I’ve  found a “post worthy” recipe in the newest cookbook I bought, “All Cakes Considered” by Melissa Gray.  Melissa works at NPR, and every Monday for a year she brought a cake into the NPR office in New York. If she didn’t get good feedback, she “re-baked” the recipe until it worked! (A woman after my own heart!)  Her cookbook is the compilation of the best cakes from that one year experiment.  The first cake I baked from this book was “The Barefoot Contessa’s Sour Cream Coffee Cake” (the recipe was originally published in “Barefoot Contessa: Parties!“).  Winner, winner, winner! My son likes the two-day old leftovers so much he’s taking them back to his dorm with him, and texting his friends to expect it!

This weekend I am going to bake to more cakes from the book and then test them out on my Dining For Women group.  Stay tuned!  But until then, bake this!  It’s yummy.  Not too sweet. Classic coffee cake. Goes well with coffee.  Very well.  A nice Sunday breakfast or mid-morning snack.  Every one of my taste testers liked it. Liked it a lot. We need more recipes like this to be published and republished.

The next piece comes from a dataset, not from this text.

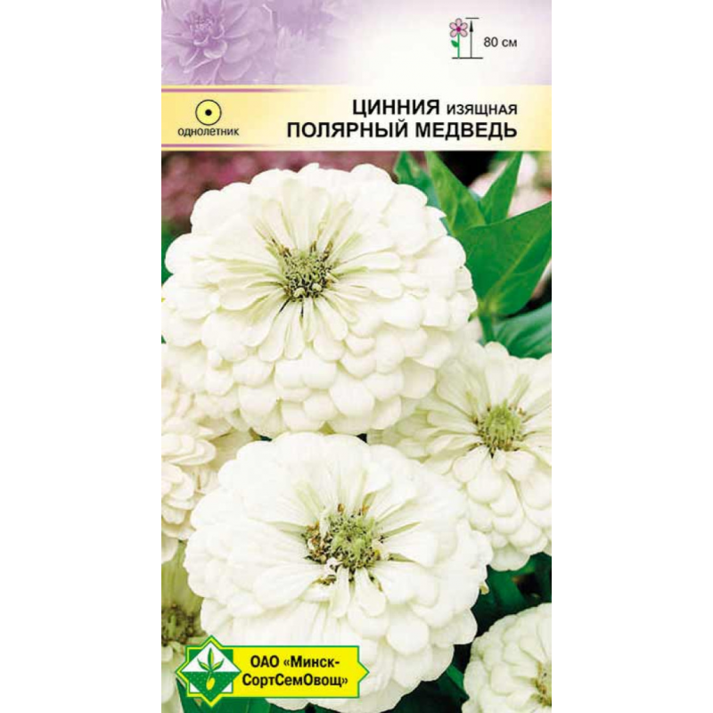 Привлекательное однолетнее растение высотой до 80 см. Соцветия-корзинки махровые, белые с легким зеленоватым оттенком, в диаметре 11-14 см, на длинном цветоносе. Сильные стебли не нуждаются в подвязке. Превосходный цветок для срезки. В букетах сохраняется 6-7 дней. Выращивают посевом семян в грунт под пленку в мае или на рассаду с начала апреля. Рассаду высаживают в конце мая на солнечное место.Качество семян соответствует ГОСТу 12260-81 и Постановлению МСХП РБ от 29.10.2015г. №37.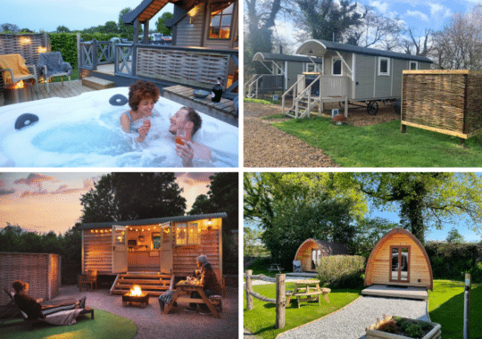 - Luxury glamping – mainly pods, shepherd huts or lodges with kitchenettes and/or ensuite bathroom

The Barefoot Contessa’s Sour Cream Coffee Cake

For Cake

  • ¾ cup unsalted butter (1 ½ sticks), at room temperature
  • 1 ½ cups sugar
  • 3 eggs
  • 1 ½ teaspoons vanilla
  • 1 ¼ cups sour cream
  • 2 ½ cups cake flour
  • 2 teaspoons baking powder
  • ½ teaspoons baking soda
  • ½ teaspoon salt

For Streusel

  • ¼ cup light brown sugar
  • ½ cup all purpose flour
  • 1 ½ teaspoons cinnamon
  • ¼ teaspoon salt
  • 3 tablespoons cold unsalted butter
  • ¾ cup chopped walnuts (optional)

For the Glaze

  • ½ cup powdered sugar
  • 2 tablespoons real maple syrup
  1. Preheat oven to 325º.  Grease and flour a 10 inch bundt pan (or spray with Pam for Baking)
  2. Cream butter and sugar with an electric mixer until light and fluffy, 4 or 5 minutes.
  3. Add the eggs to the butter-sugar mixture one at a time, beating well after each addition.
  4. Stir in the sour cream and vanilla.
  5. In another bowl, whisk together the flour, baking powder, baking soda and salt.
  6. With the mixer on low, add the flour mixture to the butter mixture, stirring until just combined.
  7. Make the streusel…combine the brown sugar, flour, cinnamon, salt and butter in a medium bowl.  Cut in the butter.  Mix until mixture resembles fine crumbs.  Stir in walnuts. Set aside.
  8. Spoon 1 cup of cake batter into bottom of prepared bundt pan.  Sprinkle with half of the streusel mix.  Pour in half of remaining cake batter, top with remaining streusel, and then last half of cake batter.
  9. Bake cake in preheated 325 degree oven for 50-60 minutes.
  10. Let cake cool in pan for 5 minutes, then invert onto a wire rack to cool.  Let cake cool for at least 30 minutes, and as long as overnight.
  11. In a small bowl stir the maple syrup and powdered sugar together with a fork.
  12. Drizzle glaze over top of cake.
  13. Serve.  You’ll get about 16 slices of cake.

Thanks for stopping by my kitchen today!  My apologies for being a bit hot winded before I got to the recipe but I do feel strongly about NOT passing on bad, so-so, or mediocre recipes. I promise only to send you GREAT recipes! Make them! Then DEFINITELY tell me what you think!